Here is a particularly grating example:

Robert, you and I both know that the ancients would be horrified if they saw how their teachings have been perverted…we’ve lost the Word, and yets its true meaning is still within reach, right before our eyes.  It exists in all the enduring texts, from the Bible to the Bhagavad Gita to the Koran and beyond.  All of these texts are revered upon the altars of Freemasonry because Masons understand what the world seems to have forgotten…that each of these texts, in its own way, is quietly whispering the exact same message.

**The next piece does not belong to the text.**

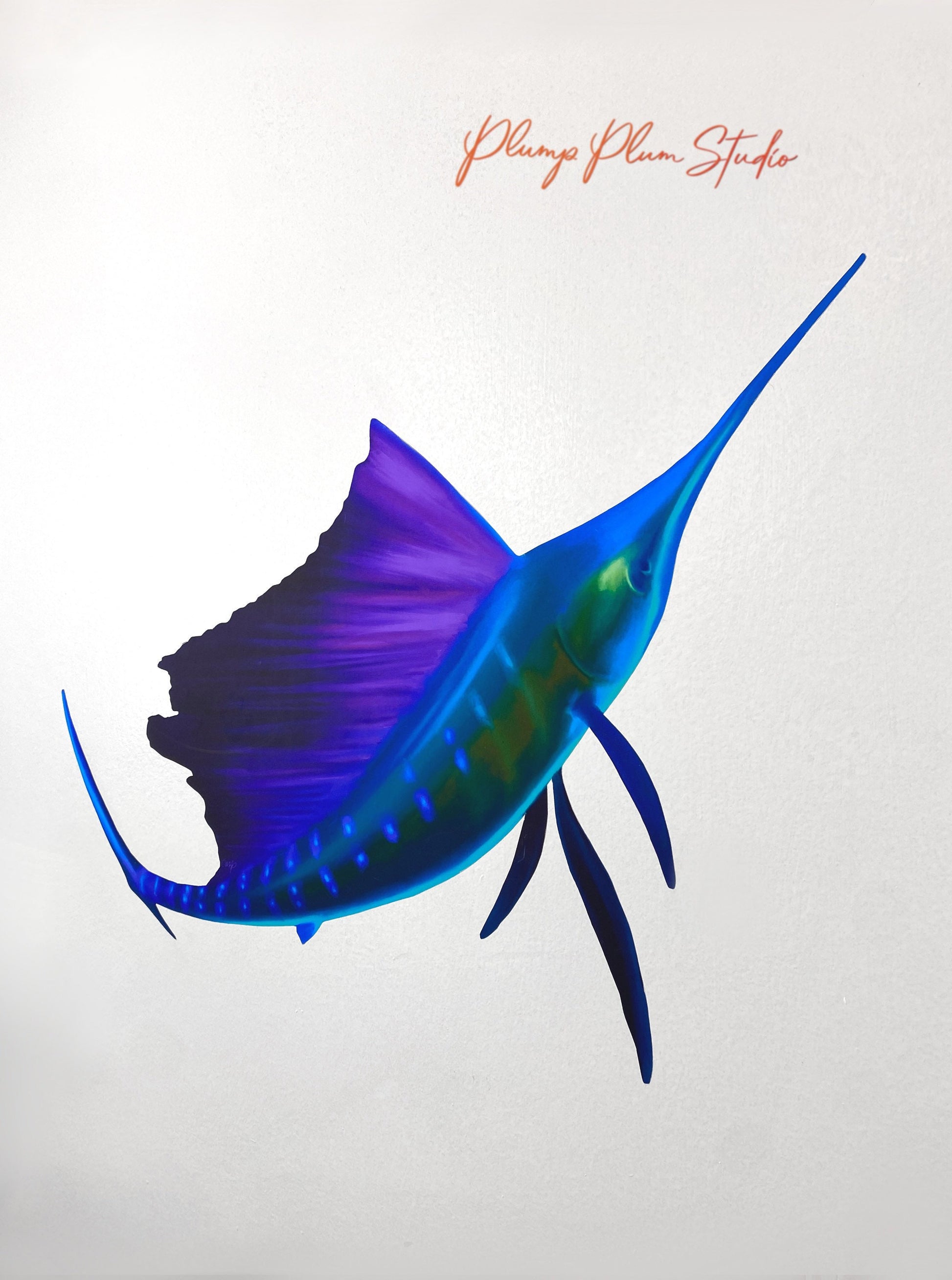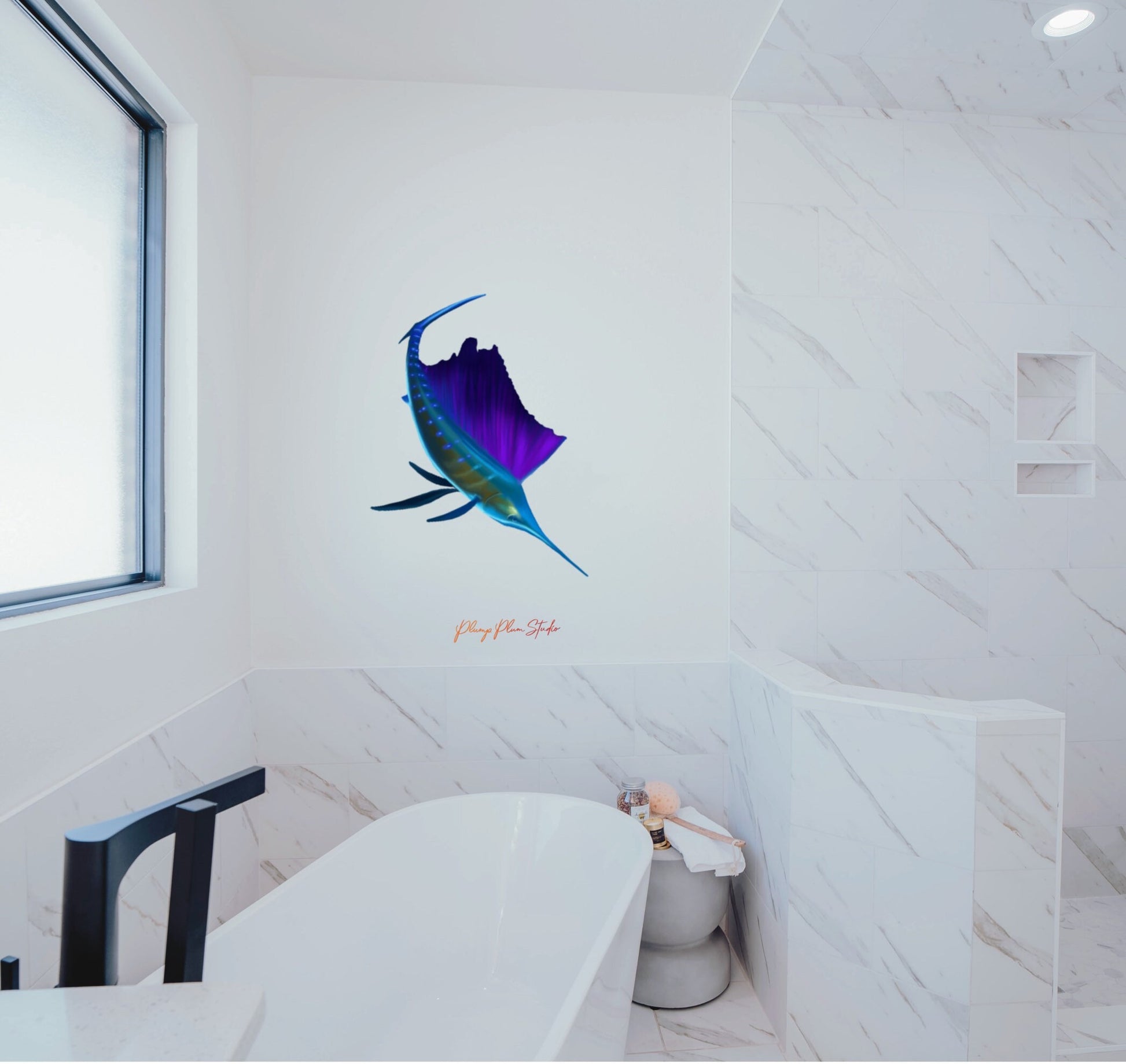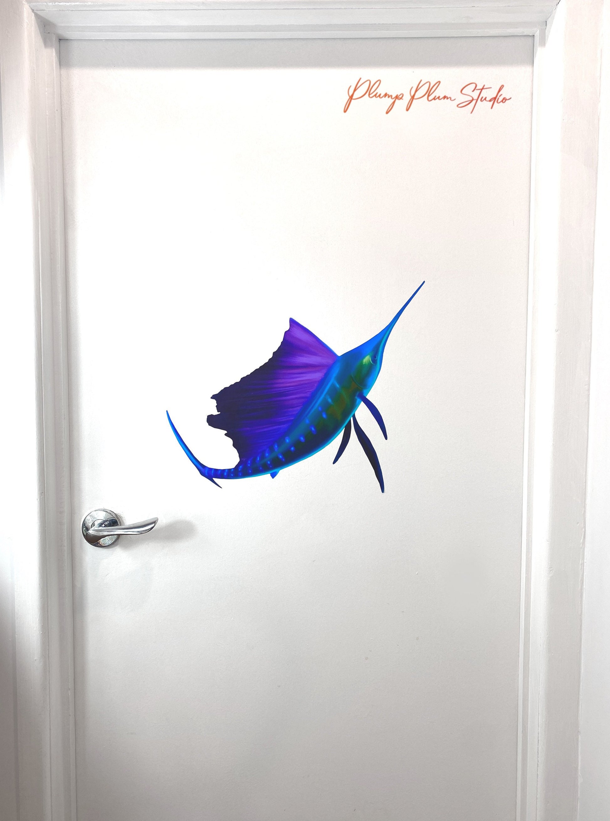 Large Sailfish decal, illustrated with marine vibrant colours. Suitable for any room in the house. Great to dance over your newborn, or swimming along your lounge room wall. Put him on your son’s bedroom door, your imagination is your limit!

Ugh. The very notion that the world “forgot” this universal ‘faith’ is stupid, because it suggests that somehow all of these religions that developed at different times and in different places were, in the beginning, self-consciously identical projects to all the other faiths.  This obvious fallacy results from reading an insidiously pluralistic, modern, and secular philosophy of religion into the whole of world civilization.  Ask a Muslim if he is trying to achieve the same thing as a Buddhist, or a Sikh.  Ask the Hindu if the hopes and goals for their life is the same as that of an Orthodox Jew.  Only a vile, secular, hyper-modern Westerner could possibly assume they would all say “yes.”  This is an intellectually adolescent flaw that infects the entirety Dan Brown’s novel, and after a while, I just got tired of it.  That, and the fact that the plot and its characters weren’t nearly as compelling as Brown’s two most famous works.  So, if you want me two cents – skip it.

As for Lost: Well, I’m in the same situation I was in with The Lost Symbol.  I’m no longer that emotionally invested in the plot, but I want to know how it all wraps up.  But I don’t really care about any characters, save perhaps John Locke.  And I’m not sure why, at that.  At first, thanks to Netflix, I blew through Lost.  I ate it up.  But then I stalled.  Midway through season 5, I got stuck in an episode.  Too much time travel, back-and-forth, and interconnected plot points.  I think JJ Abrams is awesome, but I just got lost (pun intended).  I finally got up the nerve to start back (thanks to all the season 6 hype), and now I’m working towards the end of season 5.

Still, it feels like a chore.  Like homework, really.  But hey, who’s the idiot here?  I’m still watching.  Since the demise of The Shield, and the interim period before new seasons of Rescue Me and Sons of Anarchy, I have to take what I can get.